Here is a link to a list of MDS centers of excellence. http://www.mds-foundation.org/mds-ce...of-excellence/ I don't see one in Alabama - are you able to travel? There are some excellent centers for both MDS and transplant in Florida and Georgia - and there are also great places New York, Maryland Texas etc. Maybe you local hematologist knows someone - maybe you have family or friends near a center - I see they do transplants in Birmingham but I haven't heard anything about them - and if you can travel I'd try and get to a center with lots of experience with both MDS and transplants - especially challenging ones. A transplant can be difficult, but holds out hope for a cure.

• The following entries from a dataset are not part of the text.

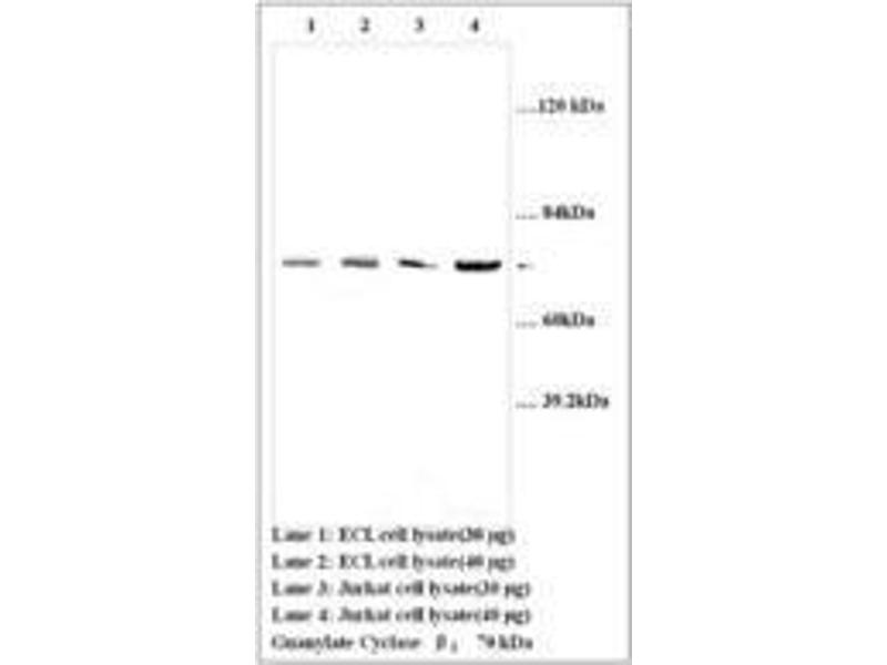 - This Polyclonal antibody is directed against Guanylate Cyclase 1. The product was purified from serum by protein A chromatography. Expect reactivity with human Guanylate Cyclase 1.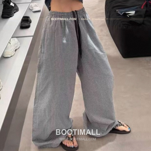 발렌시아가 2025SS 체크패턴 루즈핏 드로스트링 와이드팬츠 Balenciaga 2025 SS Check Pattern Loose Fit Drawstring Wide Pants |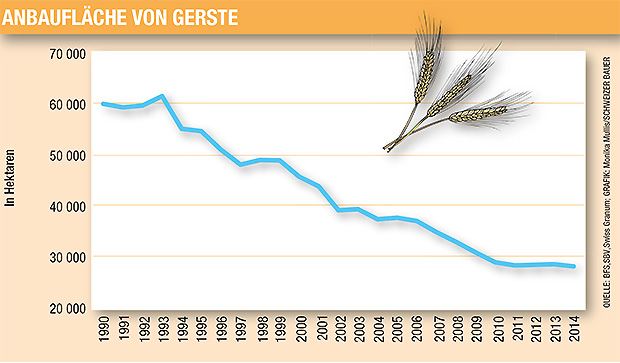 Weil wegen Auswuchses erhebliche Mengen Brotweizen deklassiert werden müssen und die Gerstenerträge erfreulich waren, steht 2014 zwar eine höhere Inlandmenge zur Verfügung. Der langfristige Trend ist aber klar negativ: Die Anbaufläche von Futtergetreide ist in den letzten 20 Jahren um 40 Prozent zurückgegangen.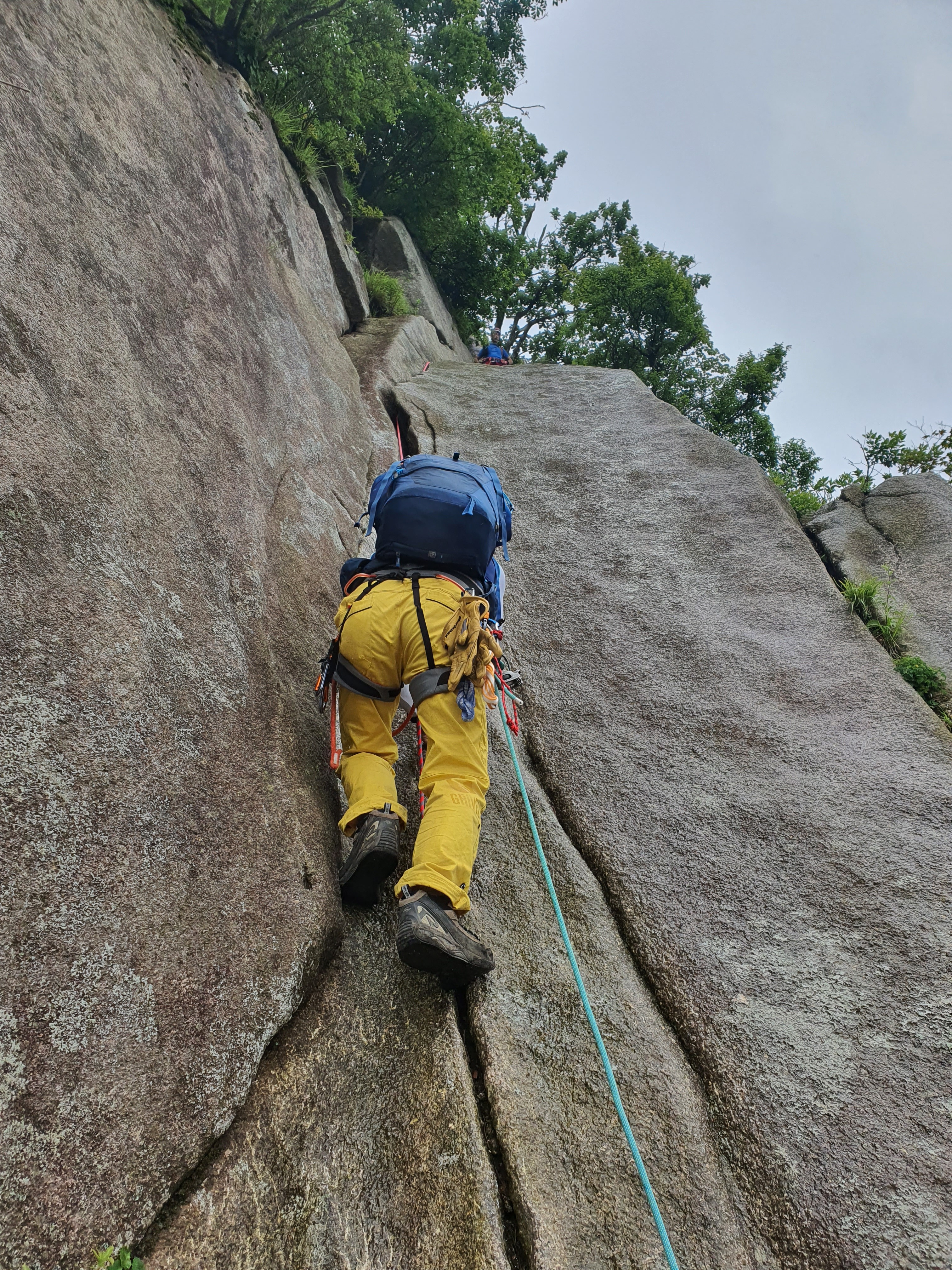 가랑비가 부슬부슬 내리는 가운데 대슬랩의 아래쪽에 도착한다. 역시나 바위가 비에 젖어 있다.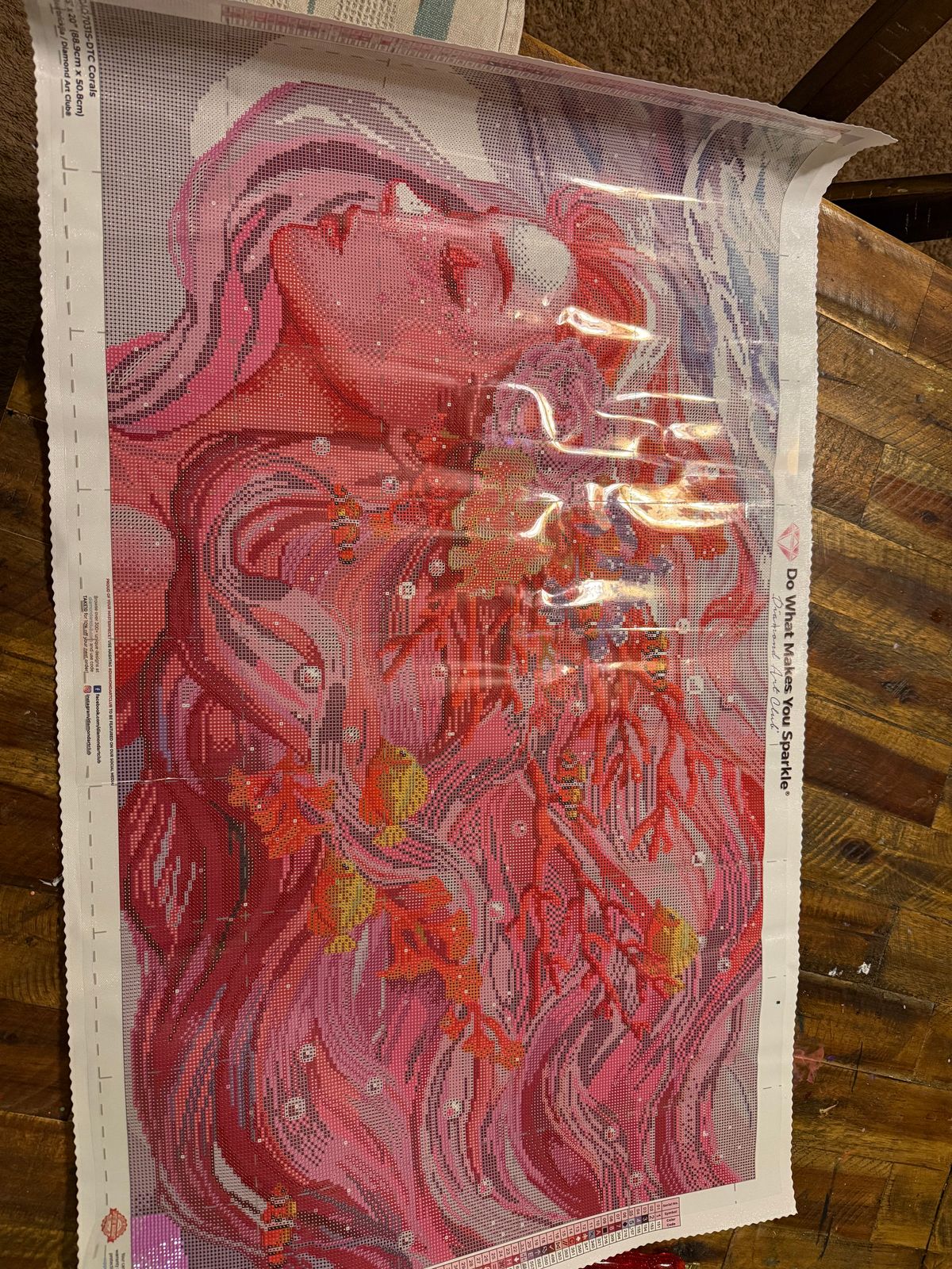 She’s lovely! This is a large canvas at around 88cm x 50cm, but it’s amazing. Love all of the little clownfish and yellow tangs swimming around her.

If you are going to start a drug like Vidaza, you also wouldn't want to wait until your counts get too low, as that drug often lowers counts, especially platelets, before it helps. Factors influencing your treatment include the type of MDS you have, the percentage of blasts in your marrow - and mutations you may have. A local hematologist will not necessarily have experience with many MDS patients and may not be aware of clinical trials that may be worthwhile, nor be aware of advances in stem cell transplant.

I needed a lot of support, faith and prayer - as well as some great doctors - to get through this far. Try and stay positive and focussed on finding the best treatment plan for you.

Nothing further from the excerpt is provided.